In the beginning, the prohibition of cannabis was founded on lies. The movement of cannabis into Schedule I and the War on Drugs furthered those lies into institutionalized racism and increased the means of silencing dissenters. Now, against overwhelming evidence, the United States continues to turn a deaf ear to corruption on steroids.
In 1930, Harry J. Anslinger rose to prominence amid the end of alcohol Prohibition through family connections. His ambition led him to an assignment as a founding commissioner of the Treasury’s Federal Bureau of Narcotics. The irony of leading an office that just lost its most widespread enemy, alcohol, to Repeal led him to shift views on cannabis.
Denying his own previous statements about its harmlessness and the support of the American Medical Association, Anslinger started a propaganda smear. He villified the plant and its consumers across the headlines and radiowaves.

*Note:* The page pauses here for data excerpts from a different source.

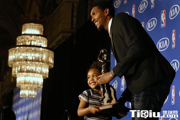 猛龙悍将与女儿分享奖杯 获最佳第六人(/)
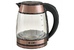 Параметры Объем 1,8 л Номинальная потребляемая мощность 1500 Вт Описание Чайник электрический предназначен для нагрева воды в бытовых и аналогичных условиях Закрытый нагревательный элемент из нержавеющей стали Корпус из термостойкого стекла Цвет: медный Вращение корпуса на 360° Отметка максимального и минимального уровня воды Внутренняя LED-подсветка Отсек для хранения шнура питания Автоматическое отключение при закипании Блокировка включения без воды
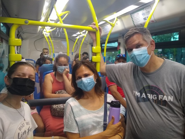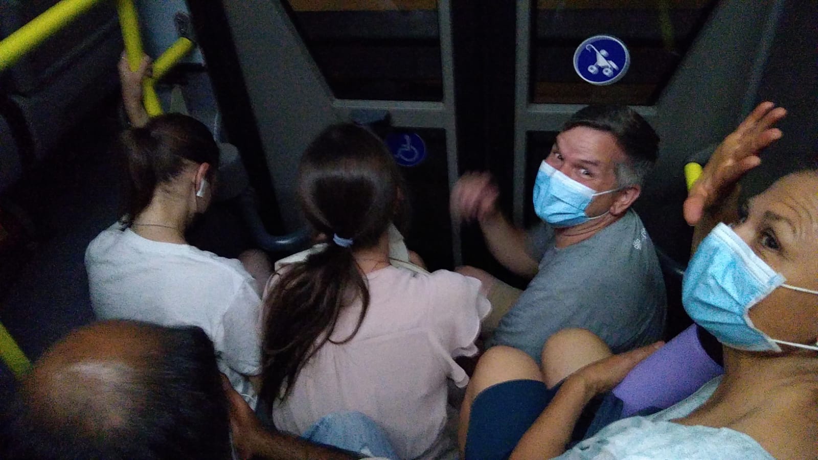 We started out a little crowded on the bus, so we had to stand.
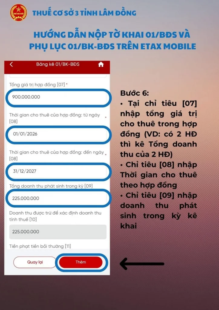 - Chỉ tiêu [04], [05], [06]: Hệ thống sẽ tự động trích xuất các địa chỉ mà bạn đã chọn tại Bước 4.Chỉ tiêu [07]: Điền tổng doanh thu trên tất cả các hợp đồng cho thuê.Chỉ tiêu [08]: Điền khoảng thời gian cho thuê thực tế của các bất động sản.Chỉ tiêu [09]: Điền mức doanh thu phát sinh trong kỳ kê khai hiện tại.
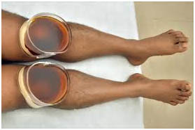 A knee treatment where warm medicated oil is retained around the knee joint to relieve pain and inflammation.
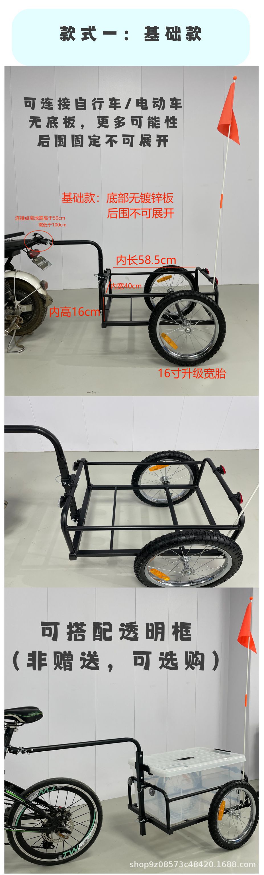 간단한 철제 화물 자전거 트레일러/전기 자동차 트레일러 제조업체는 내구성이 뛰어난 캠핑카 접이식 자전거를 공급합니다.스토어 가기
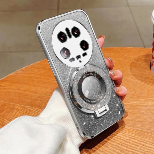 Funda De Tpu Para Teléfono Xiaomi 14 Ultra Con Soporte Redondo Y Purpurina Degradada (Plateada)
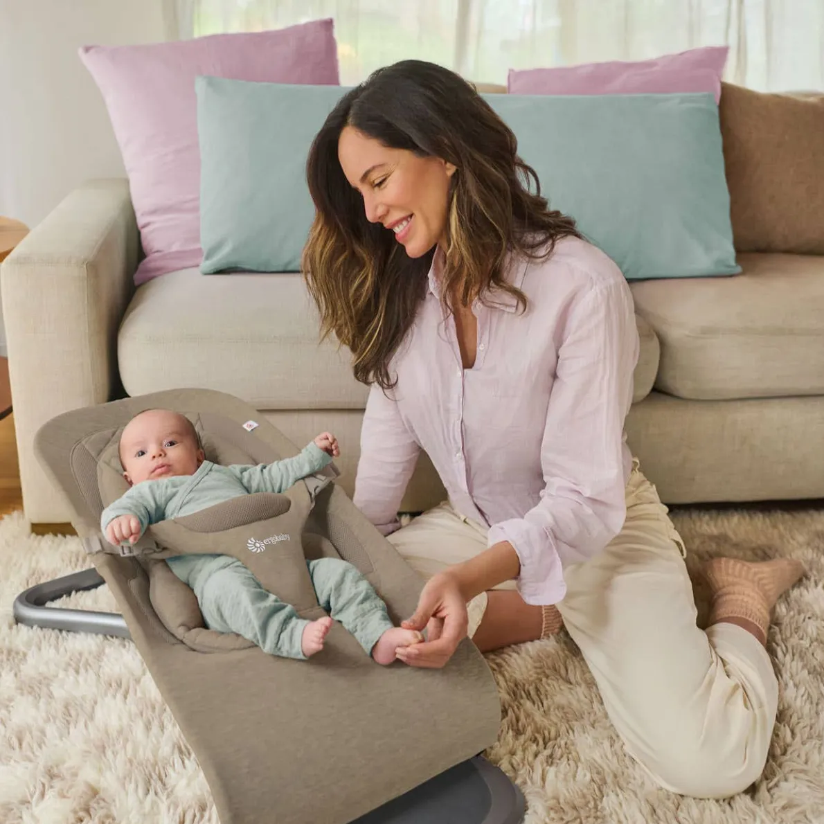 The Ergobaby Evolve Bouncer uses natural rocking technology—so no plugs, batteries, or switches needed. Plus, that means it’s lightweight and easy to move from room to room.
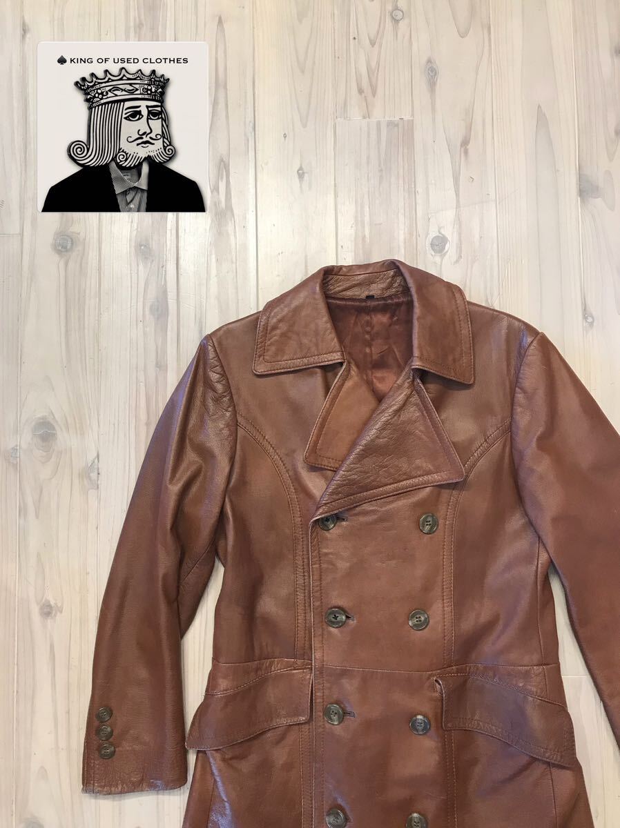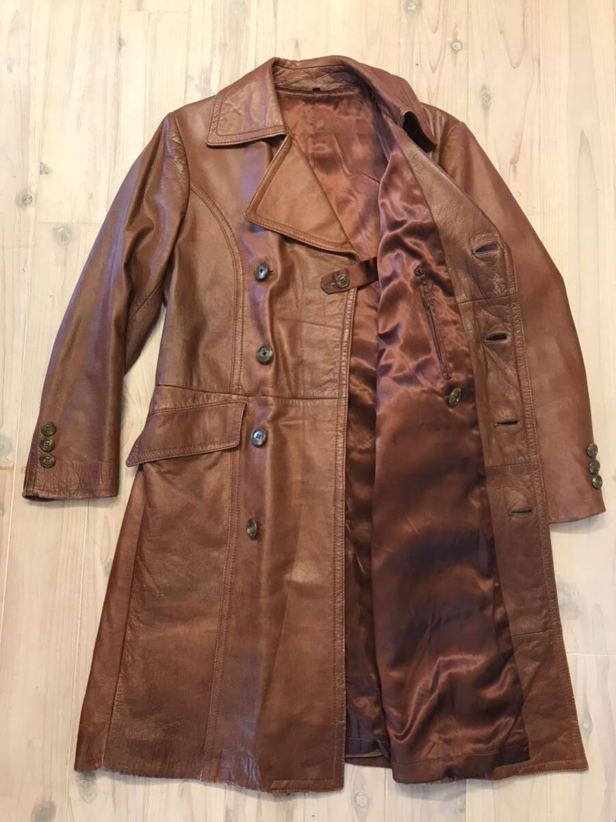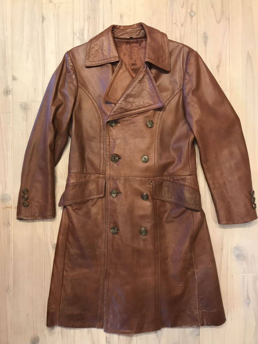 本革で色はブラウン、35年以上前に購入したものでビンテージ物です。多分80’s で当時でもフルレザーのコートは物が少なく即買いした記憶があります。
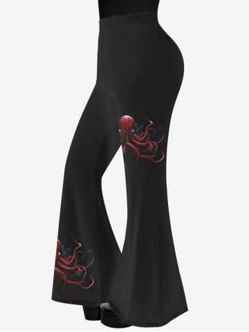 Leggings & Pants > Gothic Octopus Print Flare Pants
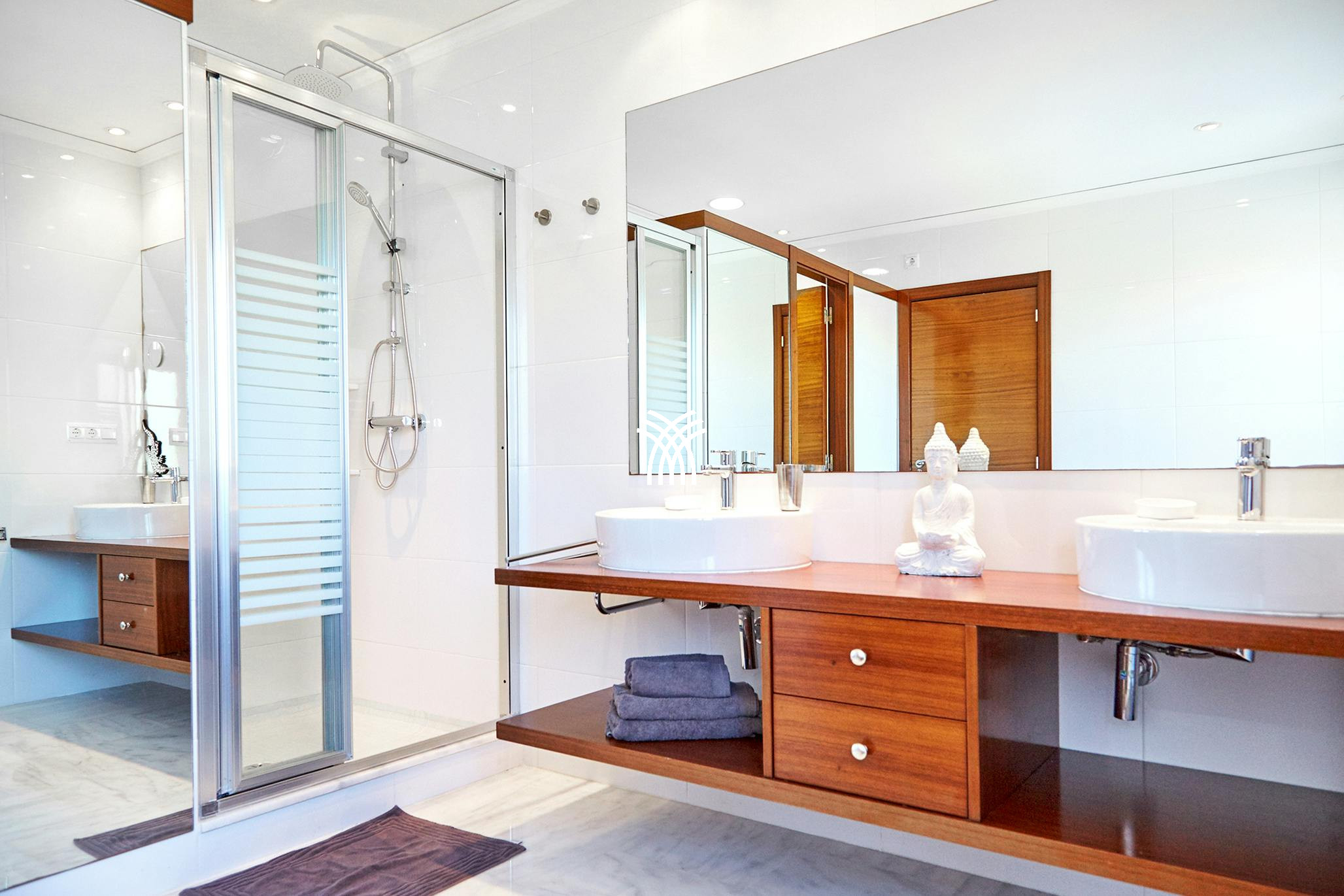 À l'étage, un atrium unique au sol vitré avec des sièges s'ouvre sur une terrasse supérieure sereine avec des transats, un endroit parfait pour savourer la vue et embrasser le calme de votre environnement. La disposition polyvalente de la villa comprend un appartement indépendant avec une petite cuisine, un salon, un lit double convertible et une salle de bain élégante, offrant de l'intimité pour les invités ou le personnel. Trois chambres doubles, chacune avec une salle de bain élégante, peuvent être aménagées en lits jumeaux, tandis que la suite principale spacieuse dispose d'une baignoire jacuzzi et d'une douche de salle de bain luxueuse.

By using the little-known slang term ‘marihuana’, he deceived Congress itself to pass laws against it. Like prohibition before, it wasn’t the substance that garnered the government’s attention, but the inability to tax black market goods.
During the 1970’s, cannabis got a reboot as a criminal element, thanks to then president Richard Nixon. He needed to silence widespread anti-war sentiment and the organization of African Americans into major political mouthpieces for social equality.
They threatened his presidency, plain and simple. From reports of former Nixon domestic policy chief John Ehrlichman,
The Nixon campaign in 1968, and the Nixon White House after that, had two enemies: the antiwar left and black people. You understand what I’m saying? We knew we couldn’t make it illegal to be either against the war or black, but by getting the public to associate the hippies with marijuana and blacks with heroin.
And then criminalizing both heavily, we could disrupt those communities. We could arrest their leaders. raid their homes, break up their meetings, and vilify them night after night on the evening news.
Did we know we were lying about the drugs? Of course we did.
Nixon placed cannabis into Schedule I status pending study. The Schafer Commission came back in support of the plant, not the president. He ignored the findings and the rest is history.
Petitions flew to the DEA from the first year after Nixon lumped cannabis in with heroin. The agency ignored the filings, sometimes requiring judges orders before reluctantly responding. But even today, the lies continue. Even former DEA propagandists now admit the truth. The War is about the money.
In the 40+ year War on Drugs, the US spent over $1 trillion dollars on the campaign, which accounts for 1/16th of our total national debt. The fear money employs thousands of state and federal agents, boosts police budgets, and keeps the populace from questioning authority.
Medical benefits? Denied with fundamentalist zeal. Former DEA spokesperson Belita Nelson appeared on Oprah, Nightline, and many popular TV programs in her role. But after heroin investigations revealed addicts successfully weaning off opiates with cannabis, she quit in 2004.
She never signed a confidentiality agreement with the DEA, and now speaks freely about her insights and knowledge. Agency big wigs told her flat out,
Marijuana is safe, we know it is safe. It’s our cash cow and we will never give up.
She spoke to cannabis supporters last December in Colorado, continuing with quotes including:
I was having fun, I was very good at my propagandist job – I was the chief propagandist for the DEA… If you think the DEA are the good guys, they are not. They are really not. We are talking corruption on steroids.
Facing the very real threat of heroin and opioid epidemics in her home town started her journey. Now, the truth about cannabis as an agent of healing and help spurs her onward, pushing for reform and DEA overhaul.
Any entity, once established, will fight for survival and expansion to the end. It will go so far as to forsake its very principles. Look at any government across history, and slowly but surely, it turns on the people to increase or hold onto power.
The War on Drugs is a beast unto itself, whose agents around the world want secure jobs and paychecks. They want raises, not obsolescence.
Political acolytes of this policy now confiscate property and cash without arrests, and in some cases kill opponents and the populace alike to quell dissent. The drug user label makes for a conveniently branded target, turning anyone into an enemy, and less than human.